Dh's boss's neighbor's dh passed away. He had been a locally famous bluegrass musician for several decades. One morning when the boss was getting in his car to leave for work, he saw various instrument cases sticking out of the neighbor lady's trash can. With the sound of the trash truck literally turning onto their street, he raced to the door and asked her if he could take the instruments out of the trash.

 

Even though she wasn't happy about it, she agreed so he went out and grabbed about 8 instruments with the truck only 2 houses away. He asked the woman why she was getting rid of the instruments. She said that she knew her dh was cheating on her when he was off playing bluegrass and that she wanted to be rid of all of the memories. The boss tried to tell her that she could sell them for quite a bit of money but she declined.

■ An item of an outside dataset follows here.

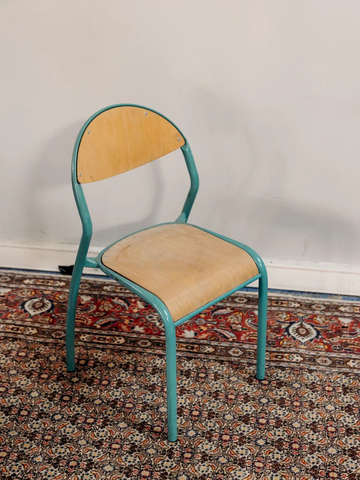 Adopt this light blue metal chair with a subtle charm, combining a lightweight structure with rounded wooden seat and back for a tactile softness. Its graphic design and compact proportions make it ideal for an intimate dining room, a coffee corner, or a contemporary office, where it adds a colorful and airy touch. The contrast between metal and wood creates both an industrial and warm atmosphere, true to current interiors. Minor wear present. Width: 36 cm Depth: 35 cm Seat depth: 43 cm Seat width: 36 cm Height: 76 cm Seat height: 43 cm Condition: Used: Item that has been used. Item showing some superficial signs of wear, fully operational and functioning correctly. It may be a demonstration model or an item returned to the store after a short period of use. Any imperfections. Color: Multicolor Height: Country Width: Metal, Wood Length: Chairs Brand: Debongout Type: Vintage product Material: Metal, Wood Style: Country Assembly required: No Assembly level: Fully assembled.
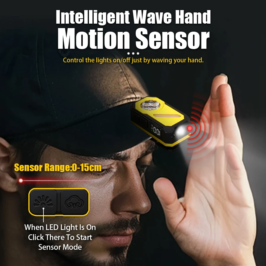 Portable Mini Rechargeable 5 LED Wick Flashlight With Magnet/Clip Waterproof Sensor EDC Torch Sensing Headlight For Outdoor

She told him to take them if he wanted them or to stop the trash truck and toss them in on his way to work.

 

So of course he came to work and told my dh, who immediately paid $200 and bought me a fiddle. The boss decided to keep the 2 guitars, one for himself and one for a family member. The rest he sold locally and then donated all the money to the local music college's fund to buy instruments for struggling music students. (BTW, my fiddle has since been appraised for over $7000.00 - these were not junky instruments.)

 

My fiddle has brought much pleasure to me and my family. For many years we played gospel bluegrass music at numerous small churches and more nursing homes than I can count. Based on things people have said, I believe that my "trash picked" fiddle brought a smile to many a face and helped usher peace and gladness into many hearts.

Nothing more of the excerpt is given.